以后续遍历的方式交换当前节点的左右指针
/**
* Definition for a binary tree node.
* struct TreeNode {
* int val;
* TreeNode *left;
* TreeNode *right;
* TreeNode() : val(0), left(nullptr), right(nullptr) {}
* TreeNode(int x) : val(x), left(nullptr), right(nullptr) {}
* TreeNode(int x, TreeNode *left, TreeNode *right) : val(x), left(left), right(right) {}
* };
*/
class Solution {
public:
void dfs(TreeNode *cur)
{
if (cur == nullptr) return;
dfs(cur->left);
dfs(cur->right);
swap(cur->left, cur->right);
}
TreeNode* invertTree(TreeNode* root) {
dfs(root);
return root;
}
};
98. 验证二叉搜索树 - 力扣(LeetCode)
中序遍历得到的序列有序
或者当实现函数dfs(TreeNode *cur, long long l, long long r)

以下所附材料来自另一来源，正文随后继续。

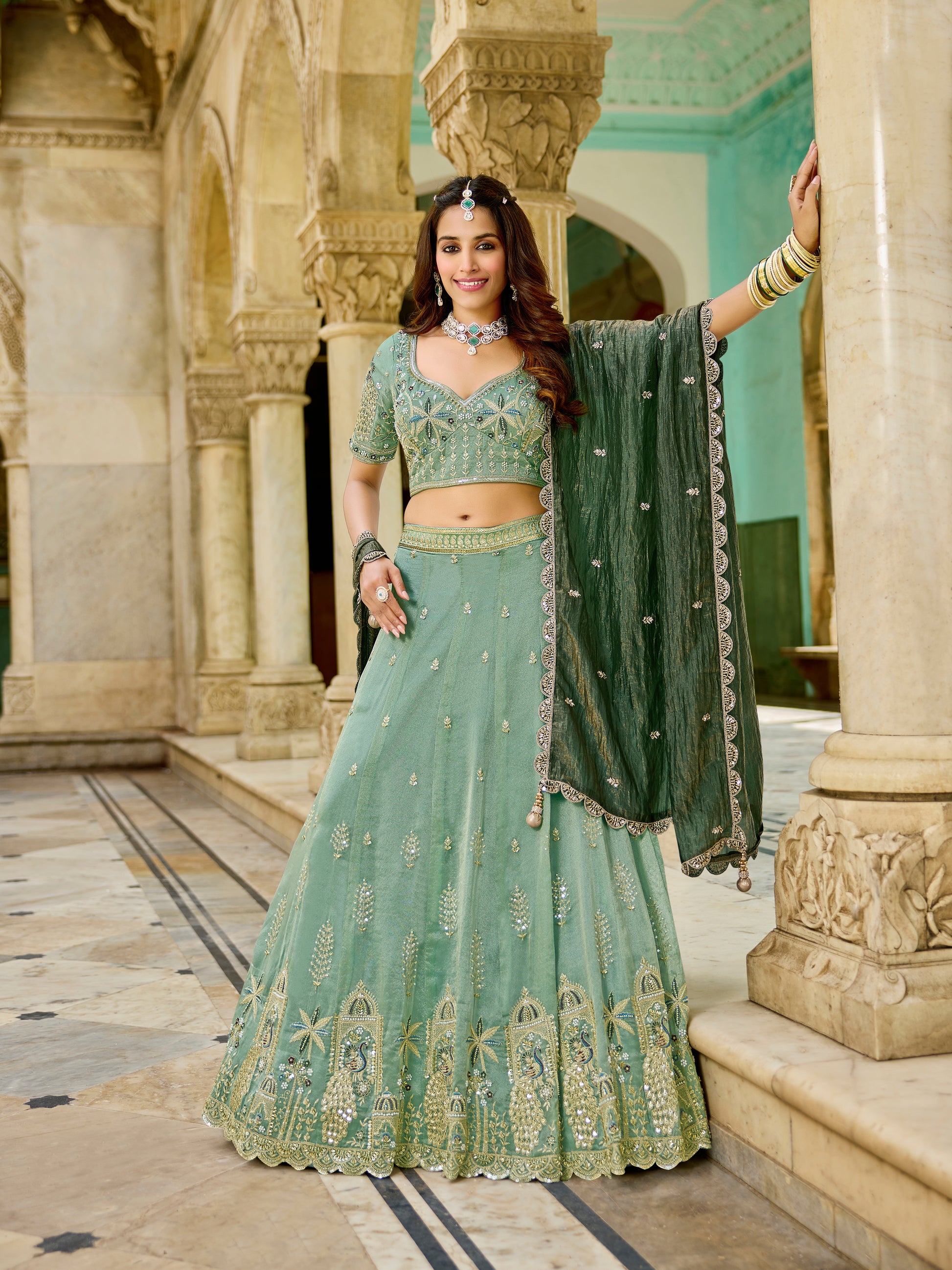 Attractive pista green peacock crop top Lehenga Happy Customer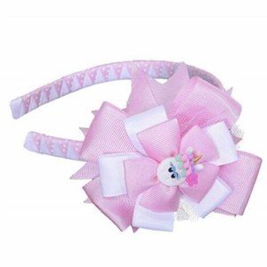 Girl's Headband Flower Design Baby Pink & White with Handmade Felt Unicorn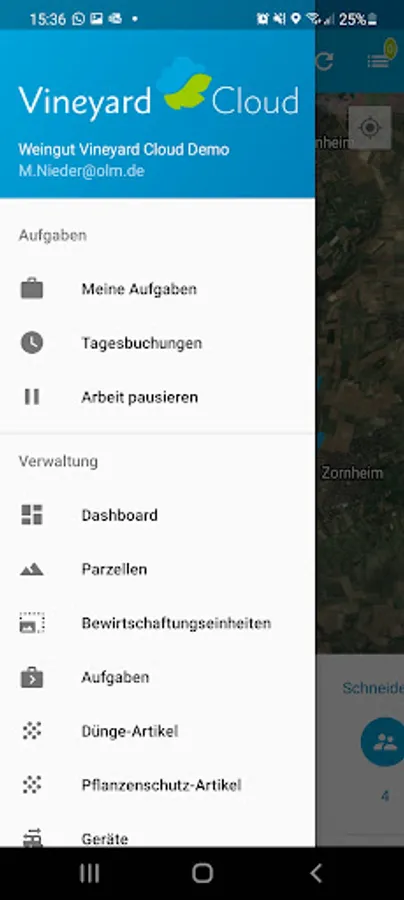 Whether classic work such as mulching, plant protection, fertilization, scoring or time recording ... with Vineyard Cloud you can control and evaluate all farm related processes.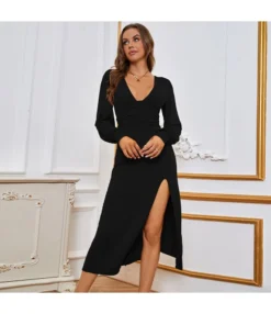 Be the first to review “Long-Sleeved Simple Sexy V-Neck Slit Slim-Fit Temperament A-Line Dress Wholesale Dresses SDV464516” Cancel reply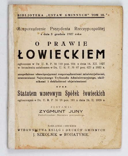 JUNY Zygmunt – Rozporządzenie Prezydenta Rzeczypospolitej z dnia 3 grudnia 1927 roku o prawie łowieckiem [...] uzupełnione obowiązującemi rozporządzeniami ministerjalnemi, orzeczeniami Najwyższego Trybunału Administracyjnego, okólnikami i dokładnemi objaśnieniami oraz Statutem wzorowym Spółek łowieckich [...] z dnia 24 II 1928 r. Zestawił ... Rohatyn [1932]. Nakł. i drukiem Wydawnictwa Ksiąg i Druków Gminnych J. Szkolnik. 16, s. 101, [11]. brosz. Bibljoteka "Ustaw Gminnych", t. 18.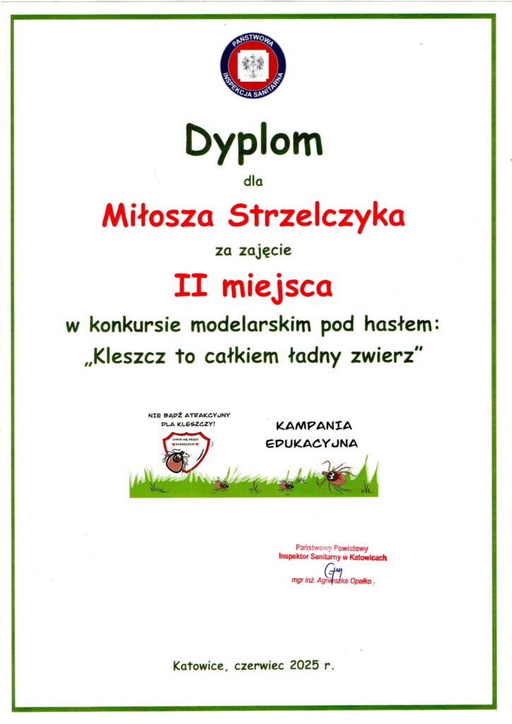 W sobotę 16 czerwca 2025r.  uczeń klasy 7a Miłosz Strzelczyk odebrał nagrodę za zajęcie  II miejsca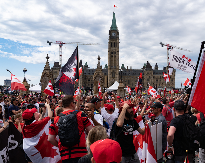De nombreux manifestants ont défilé dans les rues du centre-ville d’Ottawa à l’occasion de la fête du Canada ce vendredi. Contrairement à celle qui a eu lieu au printemps dernier dans la capitale, la manifestation s’est déroulée dans une ambiance plus détendue et plus festive.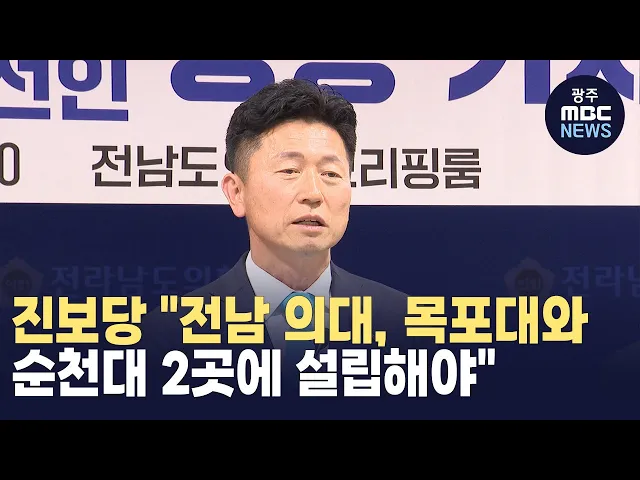 진보당 전남도당은 오늘 전남도의회에서 기자회견을 열고목포대와 순천대 2곳에 전남 의과대학 설립을 촉구했습니다.진보당 전남도당은 목포대와 순천대에 의대가 함께 설립되어야도민 요구가 실현되는 것이지 어느 한쪽만 된다면 반쪽은 여전히 도민의 과제로 남을 수 밖에 없다며 전남에 2개 의대가 설립되도록도민의 힘...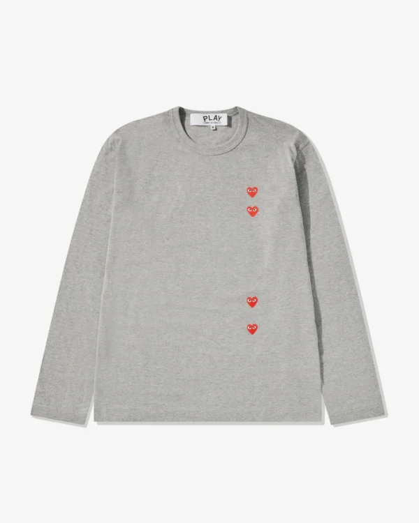 CDG Play Multi Red Heart Long Sleeve T-Shirt Grey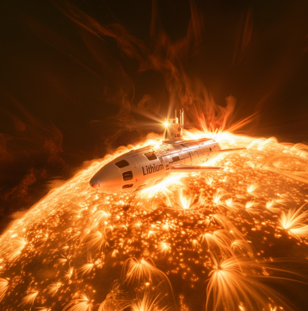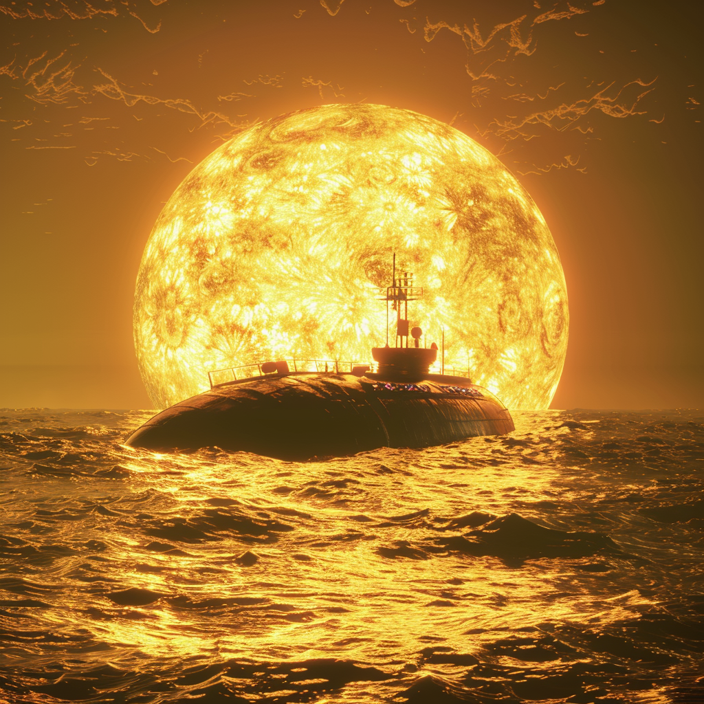 Взгляд мой пал на этот вариант: мы видим типичную солнечную поверхность, она похожа на океан, простая не вычурная подлодка, и еще тень отбрасывает (не совсем реалистично, ведь мы же на Солнце, но смотрится красиво):

保证当前节点的值在[l, r]区间内即可,每次dfs都需要用当前节点的值更新区间
/**
* Definition for a binary tree node.
* struct TreeNode {
* int val;
* TreeNode *left;
* TreeNode *right;
* TreeNode() : val(0), left(nullptr), right(nullptr) {}
* TreeNode(int x) : val(x), left(nullptr), right(nullptr) {}
* TreeNode(int x, TreeNode *left, TreeNode *right) : val(x), left(left), right(right) {}
* };
*/
class Solution {
public:
bool dfs(TreeNode *cur, long long l, long long r) {
if (cur == nullptr) return true;
if (cur->val >= r || cur->val <= l) return false;
return dfs(cur->left, l, cur->val) && dfs(cur->right, cur->val, r);
}
bool isValidBST(TreeNode* root) {
return dfs(root, LONG_MIN, LONG_MAX);
}
};